上次坐交通工具这么泛恶心是什么时候?大概是高考后的暑假,兴致勃勃地去坐飞机,结果在升空过程体会恶心、想吐,升空的颠簸甚至给她一种在坐过山车的感觉,一个人丧失了所有力气。
跪坐在车厢内,程舒抓紧车身的十根手指都在用力,她想总不能一直颠,过一会就……哕,生理性的恶心让她干呕起来。
……鲨了她吧,程舒一脑门撞向车厢,希望自己晕过去。
“咚”
些许响亮的声音回荡在车内。
“哈哈”,一个波兰军官笑出声,随后被颠得东倒西歪。
……她好像看见一车刚拔出土的萝卜在跳舞?程舒准备再给自己来一下,一只温热的手抵住她的脑门。
挨着坐的弗朗兹不着痕迹地将瘫痪的家伙往里踢了踢,伸手将扒着车身的程舒揽进怀里。
“不……”
程舒拒绝的声音卡到嗓子眼,混沌的脑子像吃过云南菌子一样精彩,她想真皮的触感就是好……弗朗兹的胸肌练的……嗯,她一定是在做梦。

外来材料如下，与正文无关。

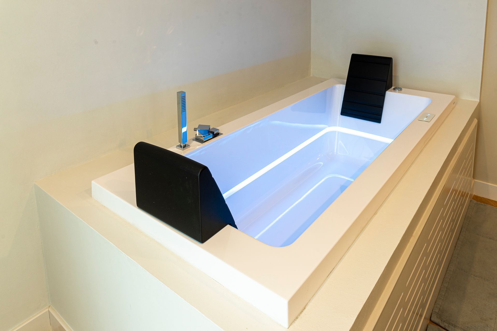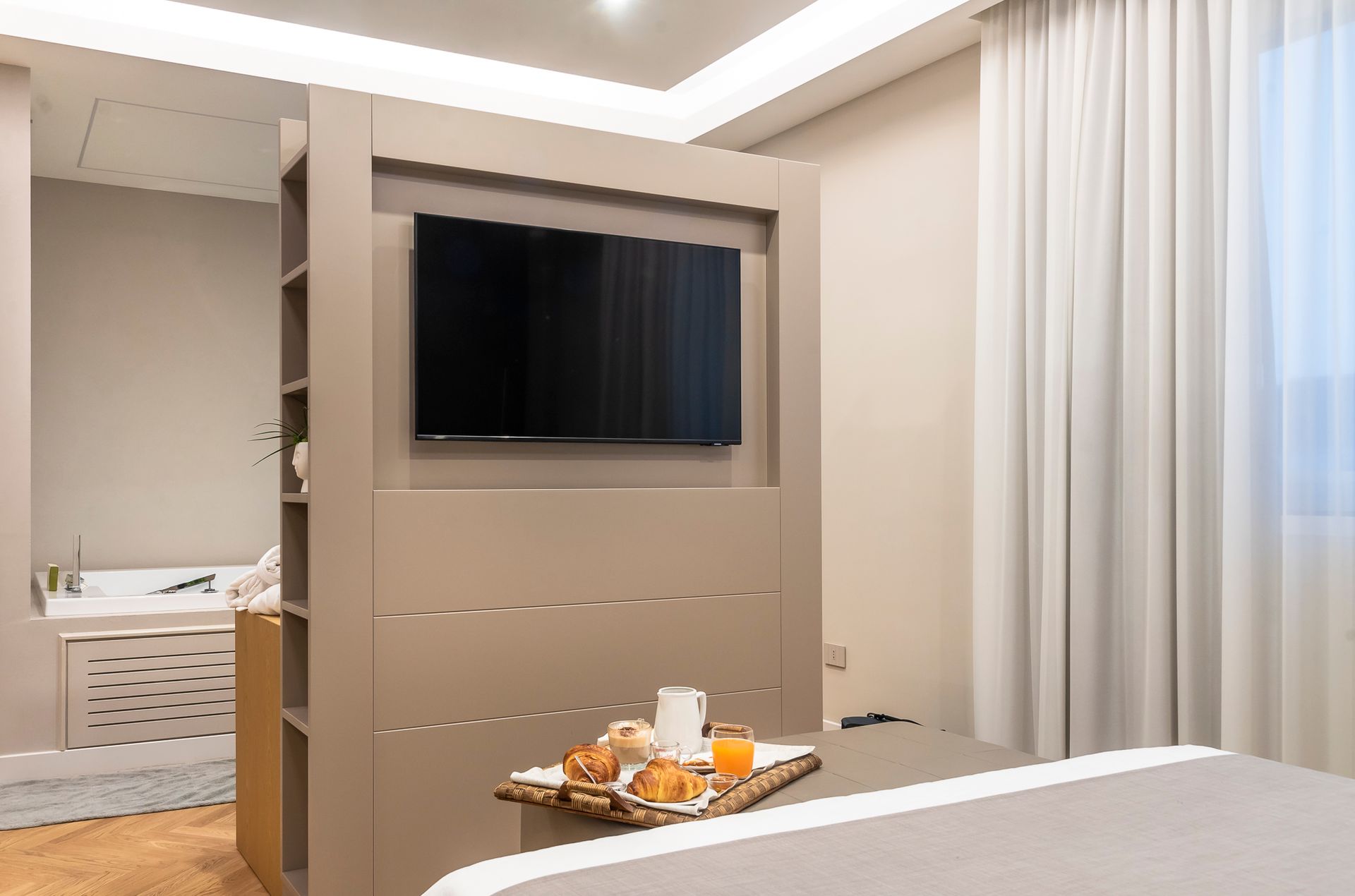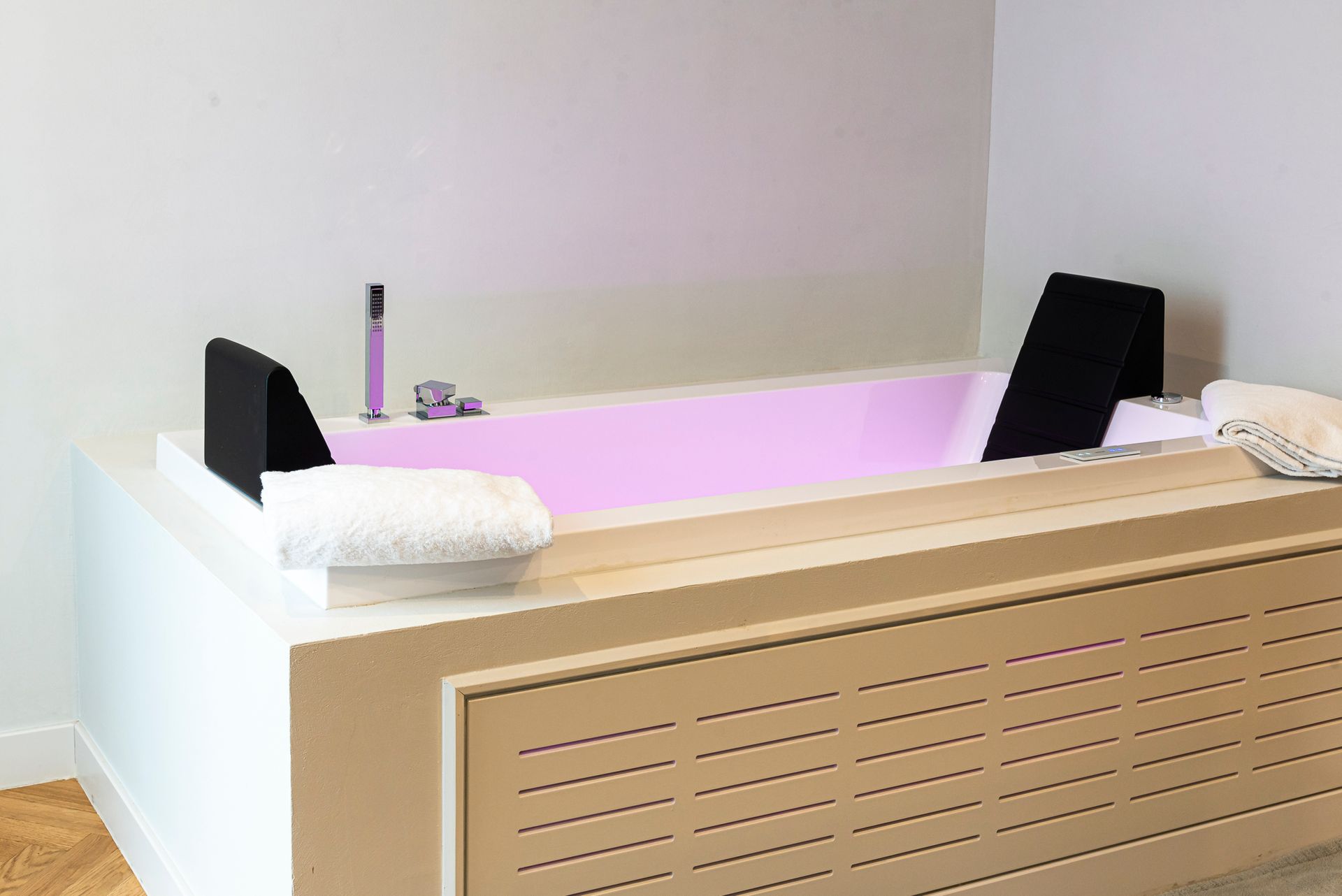 Questa suite dispone di vasca idromassaggio e sauna. Questa suite dispone di 1 soggiorno, 1 camera da letto separata e 1 bagno con vasca e set di cortesia. La suite dispone di aria condizionata, TV a schermo piatto con servizi streaming, pareti insonorizzate, minibar, armadio e vista sulla città. L'unità dispone di 1 letto.
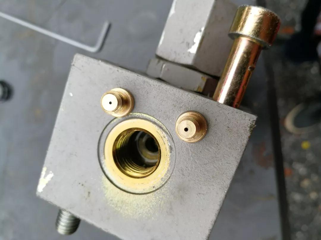 将平衡阀端盖螺杆的锁紧螺母松开,用内六角扳手将螺杆往里再拧紧一圈,以保证X口油路可以更轻松推开平衡阀阀芯。但是试车时故障依旧,用压力表测量卷扬下降口压力约5MPa,按照设计这个压力是完全可以打开平衡阀了。怀疑X口阻尼是否堵塞,拆下X口0.9的阻尼,发现阻尼畅通,再拆下对侧堵头内的0.7的阻尼,也未发现阻塞,如图所示。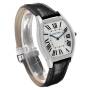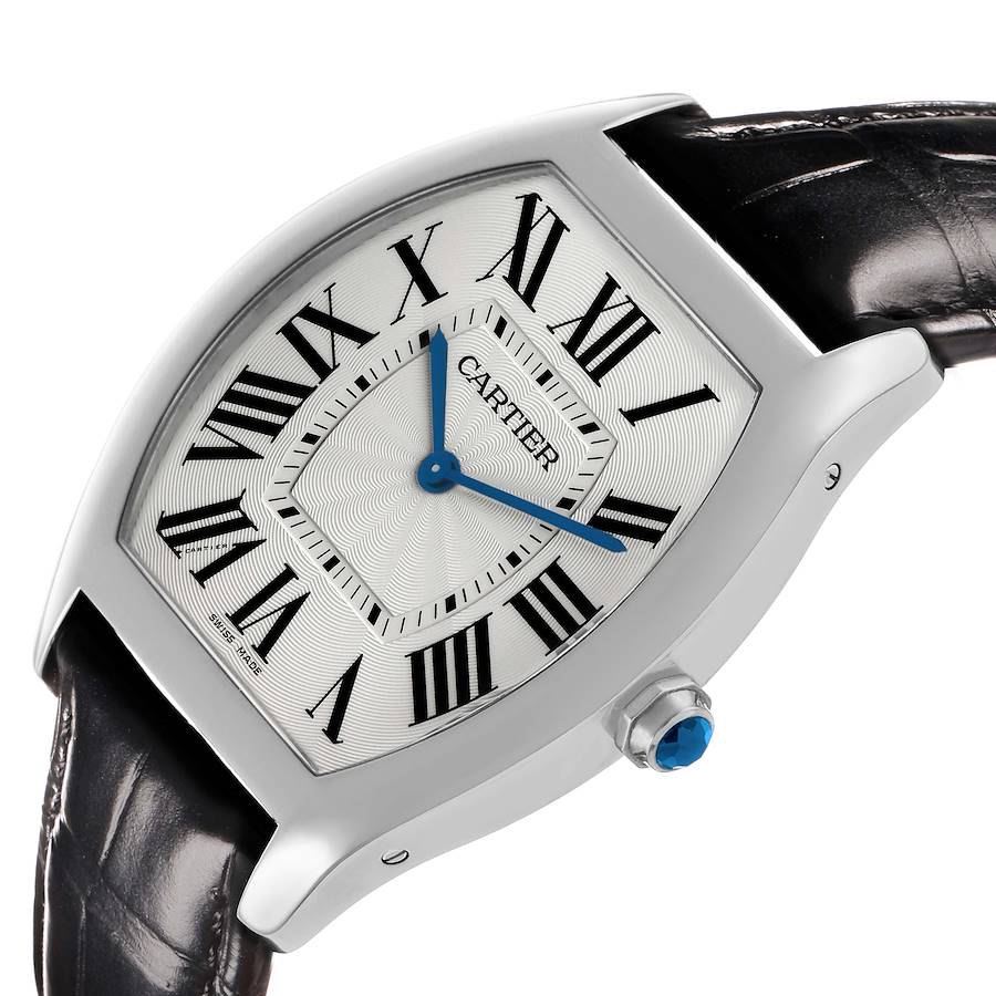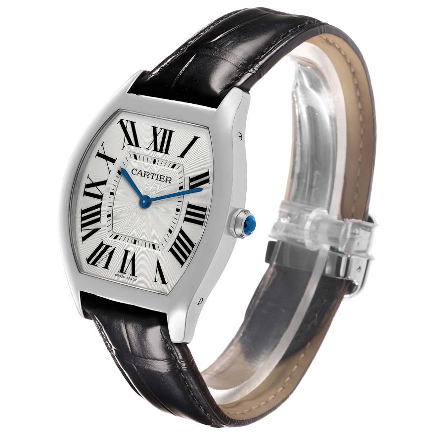 Replica Cartier Tortue White Gold Silver Dial Mens Watch WGTO0003 Card. Manual-winding movement. 18K white gold tonneau-shaped case 36.1 x 44.95 mm. Octagonal crown set with a faceted blue spinel. 18K white gold bezel. Scratch resistant domed sapphire crystal. Silver dial with painted black Roman numeral hour markers. Blue sword-shaped hands. Secret signature at VII. Black leather strap with an 18k white gold deployant clasp.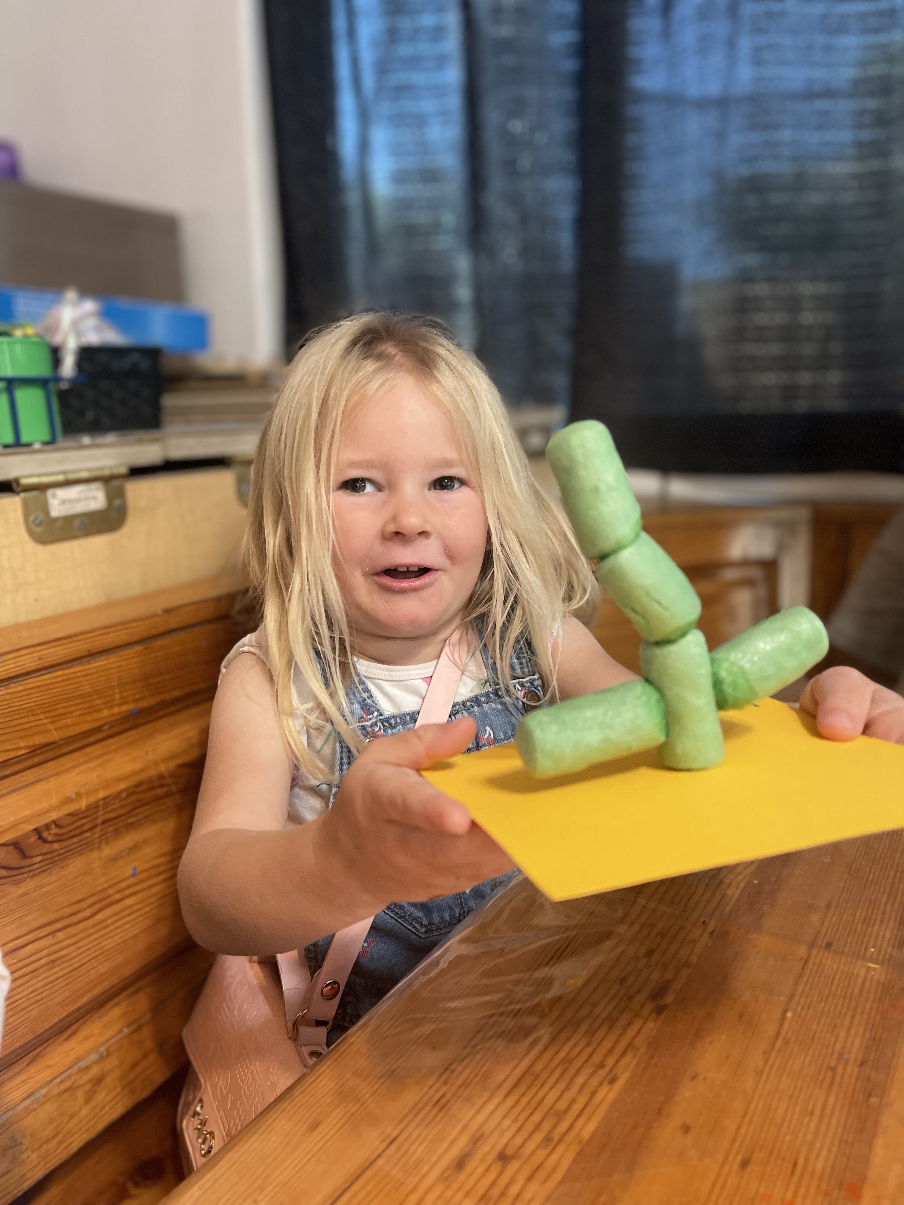 We invited the children to press one noodle onto a wet sponge and then attach it to another noodle. We asked how does it feel? Most of our kids said soft and mushy. They thoroughly loved this activity! We did not have toothpicks so we chose to make non-pokey cactuses.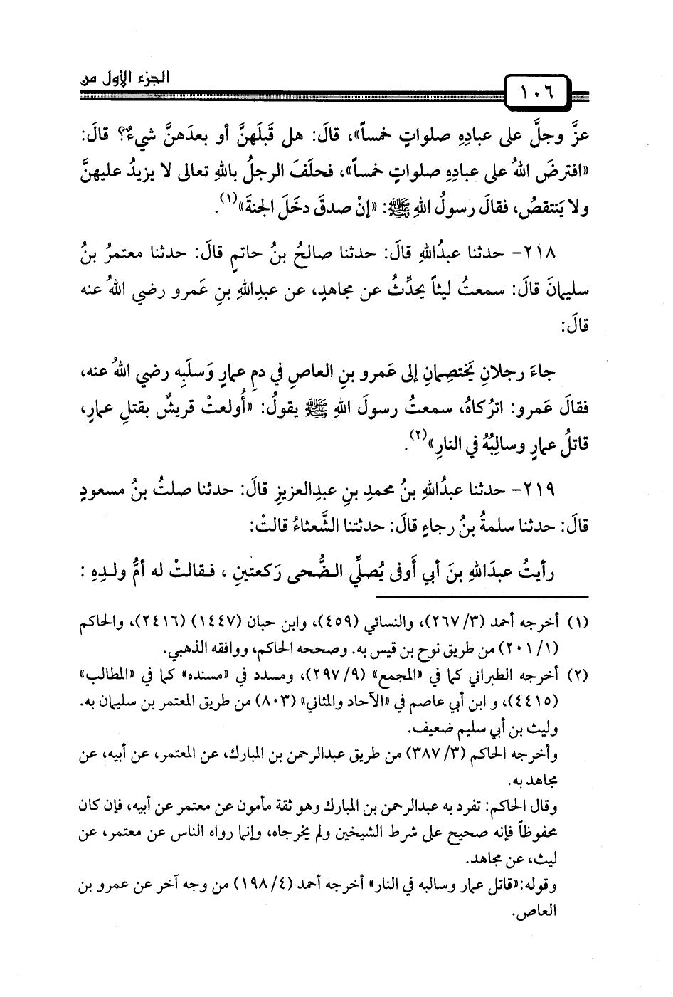 218 - حدثنا عبدُاللهِ قالَ: حَدَّثَنَا صالحُ بنُ حاتمٍ قالَ: حَدَّثَنَا معتمرُ بنُ سليمانَ قالَ: سمعتُ لَيْثًا يحدِّثُ عن مجاهدٍ، عن عبدِاللهِ بنِ عَمرو رَضِيَ اللهُ عَنْهُ قالَ: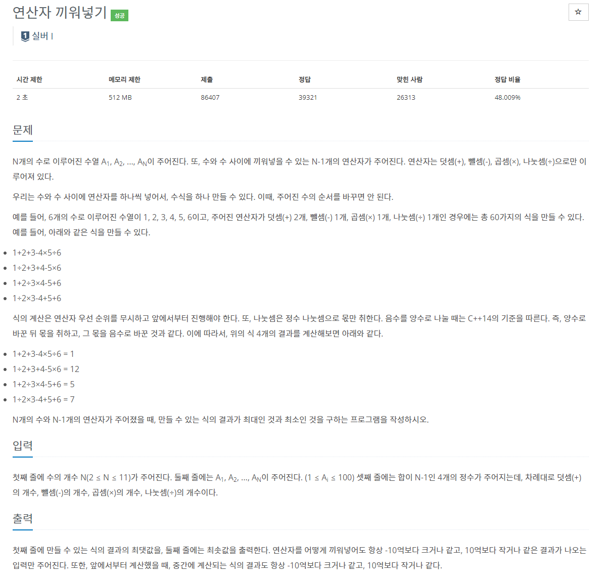 이 문제는 주어진 수열에 주어진 연산자를 적절히 삽입하여 만들 수 있는 최댓값과 최솟값을 구하는 문제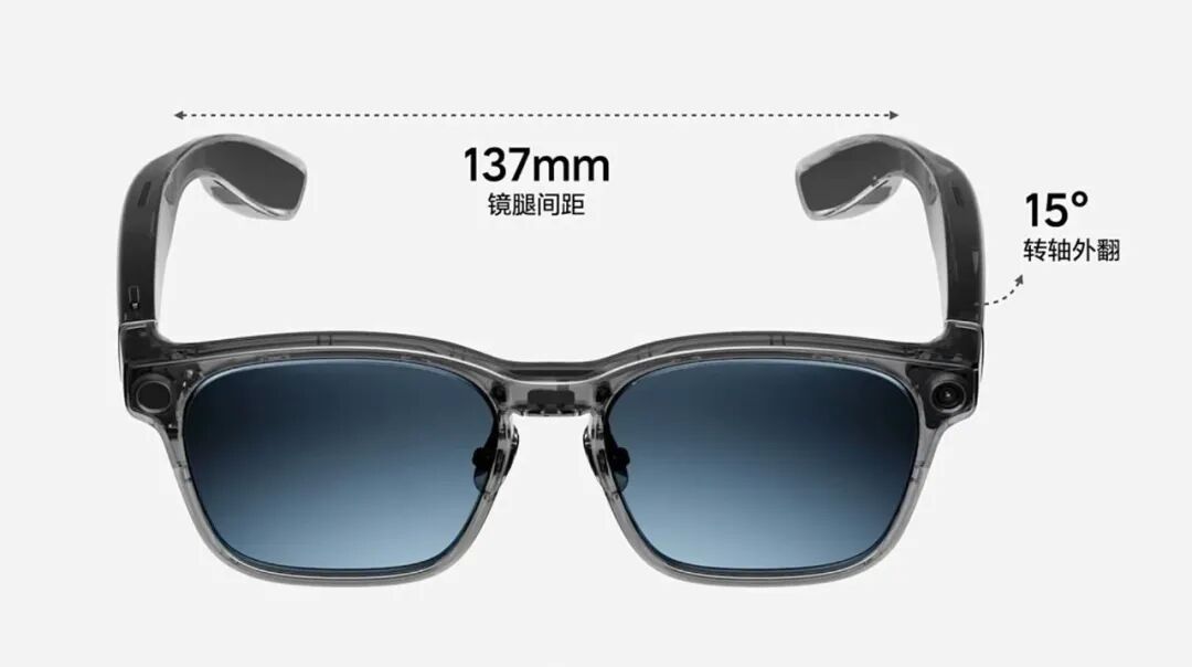 在外观设计上,镜框外形“上圆下方”,环抱式设计,镜腿间距137mm,全系半透明质感,采用亮光、哑光等材质,支持经典黑、科技灰、橄榄绿等颜色。

弗朗兹不说话,看程舒抗拒的手慢腾腾变成环抱,给自己找了个最舒服的位置……睡着了。
?
微妙的不平衡感让弗朗兹捏了捏程舒的脸,软绵绵的触感给他一种捏棉花的感觉。
“呵……”
陷入沉睡的程舒好像听见一声轻笑,激得她在睡梦中打了个寒战。
莫名也有些犯困的弗朗兹打着哈欠将程舒往怀里带了带,抬头对上一双平静的碧蓝色眼眸。
弗朗兹挑眉,觉得看起来没对象的奥斯库有些好笑,盯着他抱人像是没见过一样。
奥斯库并不觉得好笑。
离开卡廷四十里左右的距离,车上的人分散在两三个乡镇下车。
另找一辆车,奥斯库充当司机,后座弗朗兹看着一个伤患和一个疑似伤患,睡得过于沉的程舒一度让他怀疑人睡死了。
车窗外尘土飞扬。
弗朗兹再次摸了摸程舒颈部的脉搏确认人还活着。
“你到哪下车?”奥斯库冷不丁出声。
“……车站?”弗朗兹没反应过来,“不行,要不你给我找辆车,带着人不方便坐车。”
“……你带他?”奥斯库知道弗朗兹说的是谁。
“不,这个瘫痪的你带回去就好,也算你的任务,不是吗?”弗朗兹想起来贿赂一下奥斯库,从衬衫里掏出一个扁平的铁盒,取了支烟递给奥斯库,“我追她都到了卡廷,总要把人带回去。”
奥斯库沉默两秒,单手接过烟。
翻了翻穿在程舒身上的外套,弗朗兹找到打火机,帮奥斯库点了烟,自己也抽了一根。
“……埃里希让你追她的?”奥斯库吸了一口烟,右手指间夹住烟,轻敲窗沿。
“不”,弗朗兹看眼程舒,思索奥斯库关注她的原因,“埃里希把她当成可以陪莱恩的洋娃娃,但也有解决她的方案,我休假在火车站遇上她,被摆了一道,总要讨点利息。”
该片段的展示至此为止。